Thursday, 5 April 2012

Hadrian's Wall

This week Debatable Land has travelled to the furthest limit of its range and brings you a photo from the heart of Newcastle upon Tyne. I am very fond of Newcastle and I urge you to visit it sometime, but describing its many attractions is outside the remit of this blog. The reason I’m going there now is to clear up the confusion about the location of Hadrian’s Wall. The term ‘the land north of the wall’ is sometimes used in loosely the same sense as ‘the debatable land’, but it has a much more precise meaning.

A remarkable number of people, and not just overseas, are under the impression that the ‘Roman Wall’, built by Emperor Hadrian in the year 122, followed the same route as the modern boundary between England and Scotland. This is NOT repeat NOT the case. For a start, nations in the modern sense did not exist anywhere at that period, let alone those of England and Scotland. The island of Britannia was still divided up into the territories of different tribes. Monarchy in a form we would recognise it emerged a few hundred years later and then for a few more hundred years after that the Scottish kings tried to push the border of their territory further south while the English kings tried to push it back north.

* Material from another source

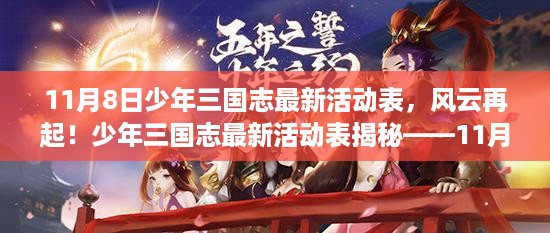 随着秋风渐紧,时光如流水般悄然前行,少年三国志的世界再次掀起波澜,11月8日,这个充满传奇色彩的日子,迎来了一场全新的活动盛宴,让我们一同回顾这场活动的背景、重要事件、深远影响以及在特定领域或时代中的显赫地位。

The Romans built a bridge across the river Tyne (Pons Aelius) and  a fort at the north end of it. Then they built a big wall on the north bank of the river, and eventually extended it across the whole width of Britannia. Yes, that is how Wallsend got its name. To complete a total defence against any attack by land or sea they later built forts on either side of the estuary of the Tyne, Segedunum and Arbeia, respectively located in what are now Wallsend and South Shields. The Wall itself survives only in some sections further west, but the line of it runs right through the centre of Newcastle. The main train station is situated about a hundred yards south of the line of the Wall, so if you walk towards the city centre after arriving there you are already technically in ‘the land north of the Wall’, even though drinking a latte in a packed shopping mall may not be how you imagined this barbarian territory.

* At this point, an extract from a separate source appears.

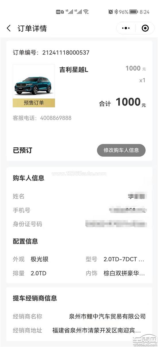 吉利星越L订车被无限拖延交车要求改配置2021-10-07车型:2021款 2.0TD DCT EVO 两驱 旗舰型

The plaque in the photo is attached to the wall of the Literary and Philosophical Society of Newcastle, a thriving private library and cultural centre which could not be further from the stereotypes, both ancient and modern, of the Barbarian North. The red paving stones it refers to are a bit grubby now, but can still be distinguished by anyone who is sufficiently interested. Sadly very few visitors are. Step inside the library, find a copy of Rosemary Sutcliffe’s The Eagle of the Ninth and read the dramatic scene where the hero, fleeing from hostile tribesmen, hammers on a gate in the north face of the Wall and demands admission ‘in Caesar’s name’. Then thrill to the knowledge that that Wall was located right underneath your feet.